Last update: Dec 10, 2022

Related tags

Overview

Neural-Texture-Extraction-Distribution

The PyTorch implementation for our paper "Neural Texture Extraction and Distribution for Controllable Person Image Synthesis" (CVPR2022 Oral)

We propose a Neural-Texture-Extraction-Distribution operation for controllable person image synthesis. Our model can be used to control the pose and appearance of a reference image:

Pose Control

Appearance Control

News

2022.4.30 Colab demos are provided for quick exploration.
2022.4.28 Code for PyTorch is available now!

Installation

Requirements

Python 3
PyTorch 1.7.1
CUDA 10.2

Conda Installation

# 1. Create a conda virtual environment.
conda create -n NTED python=3.6
conda activate NTED
conda install -c pytorch pytorch=1.7.1 torchvision cudatoolkit=10.2

# 2. Clone the Repo and Install dependencies
git clone --recursive https://github.com/RenYurui/Neural-Texture-Extraction-Distribution.git
pip install -r requirements.txt

# 3. Install mmfashion (for appearance control only)
pip install mmcv==0.5.1
pip install pycocotools==2.0.4
cd ./scripts
chmod +x insert_mmfashion2mmdetection.sh
./insert_mmfashion2mmdetection.sh
cd ../third_part/mmdetection
pip install -v -e .

Demo

Several demos are provided.
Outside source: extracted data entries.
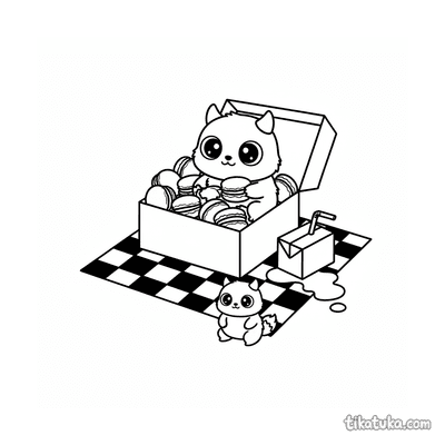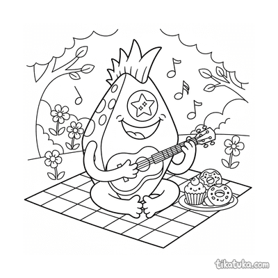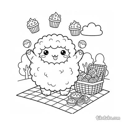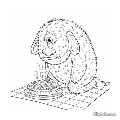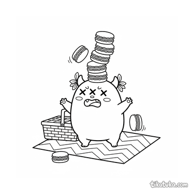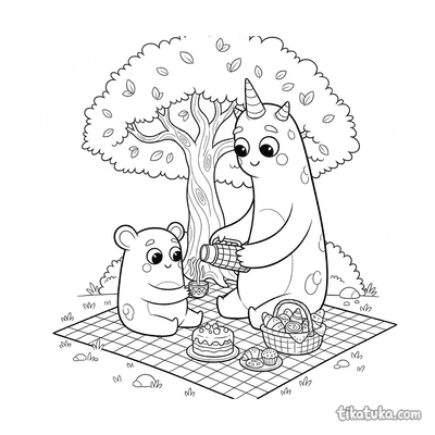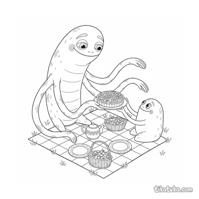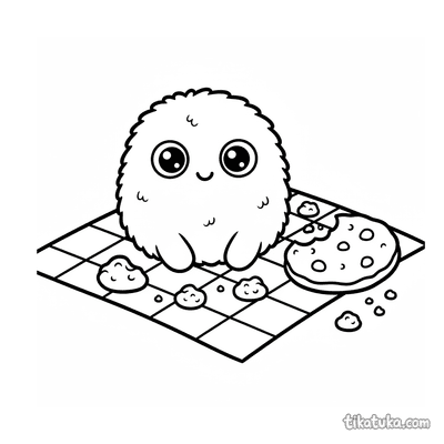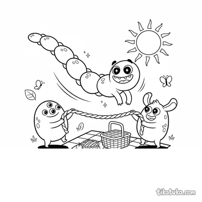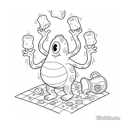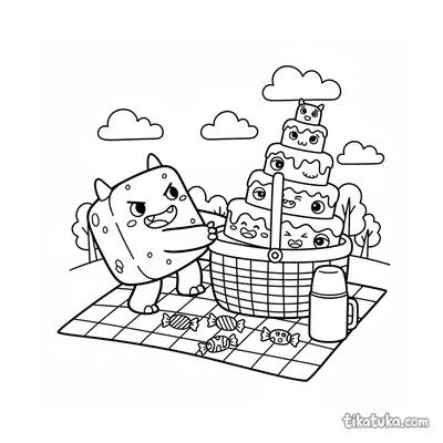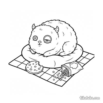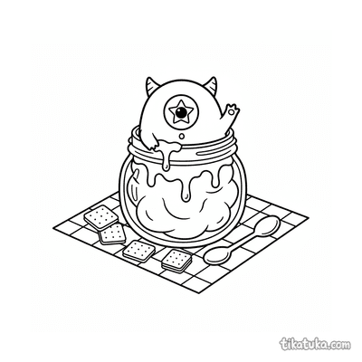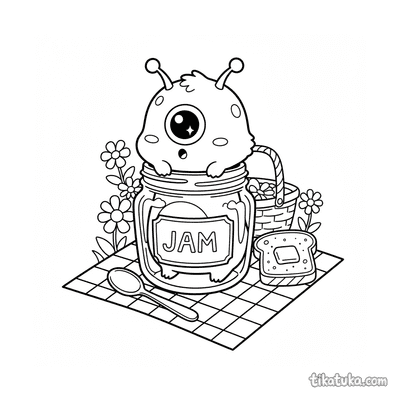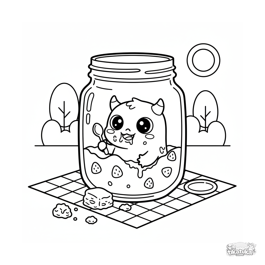 Página para colorear para niños 4-6: un monstruo pequeño con cuernos escondido en un tarro de mermelada en un picnic. Escena divertida.
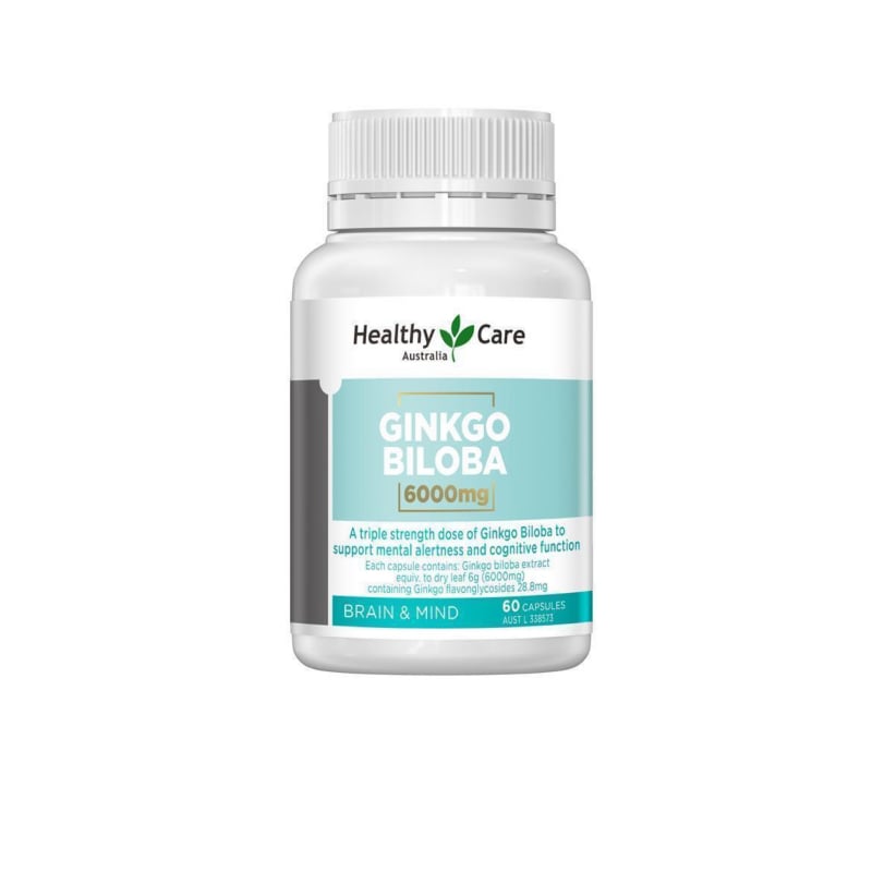 Healthy Care Ginkgo Biloba 6000mg – Bổ não hàm lượng cao 6000mg (60 viên): là sản phẩm chứa hàm lượng cao nhất hiện nay giúp khắc phục mọi vấn đề về suy giảm trí nhớ, đau đầu, mất tập trung, chóng mặt ù tai, đau mỏi vai gáy,… Với thành phần chính được điều chế từ cây bạch quả chứa nhiều dưỡng chất cần thiết cho tế bào não, viên uống bổ não Healthy Care 6000mg giúp tăng tuần hoàn máu, cải thiện và dự phòng tình trạng suy giảm trí nhớ, kém tập trung, tăng cường chức năng não bộ đồng thời phòng chống các bệnh lý về tim mạch, huyết áp.
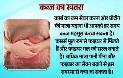 कार्ब का कम सेवन करना और प्रोटीन की मात्रा बढ़ाना भी आपको हर समय कब्ज महसूस करवा सकता है। कार्ब्स मूल रूप से फाइबर से मिलते हैं और फाइबर मल को सरल बनाते हैं। अधिक मात्रा पानी पीना और फाइबर का सेवन बढ़ाने से इस समस्या से बचा जा सकता है।
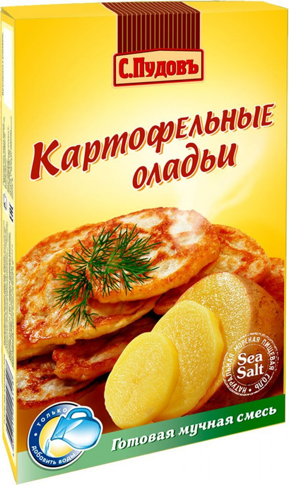 С.Пудовъ Смесь готовая «Оладьи картофельные»В данный момент этот товар отсутствует в продаже. Возможно, у нас найдется аналогичный или похожий товар здесь. Картофельные оладьи могут быть как самостоятельным блюдом, так и отличным гарниром к рыбе, мясу, грибами. Выпечка сытна, полезна и питательна. Для украшения готового блюда перед подачей на стол можно использовать веточку зелени. Каждая хозяйка имеет свое собственное представление о том, как приготовить картофельные оладьи. Однако, в любом случае, если вы хотите приготовить картофельные оладушки к завтраку, то встать придется достаточно рано. Но есть отличная альтернатива классическому приготовлению! Сегодня можно воспользоваться специальной смесью для приготовления таких оладий. Многие хозяйки уже по достоинству оценили простоту и удобство процесса приготовления. |

Please first download the resources by runing

cd scripts
./download_demos.sh

Pose Transfer

Run the following code for the results.

PATH_TO_OUTPUT=./demo_results
python demo.py \
--config ./config/fashion_512.yaml \
--which_iter 495400 \
--name fashion_512 \
--file_pairs ./txt_files/demo.txt \
--input_dir ./demo_images \
--output_dir $PATH_TO_OUTPUT

Appearance Control

Meanwhile, run the following code for the appearance control demo.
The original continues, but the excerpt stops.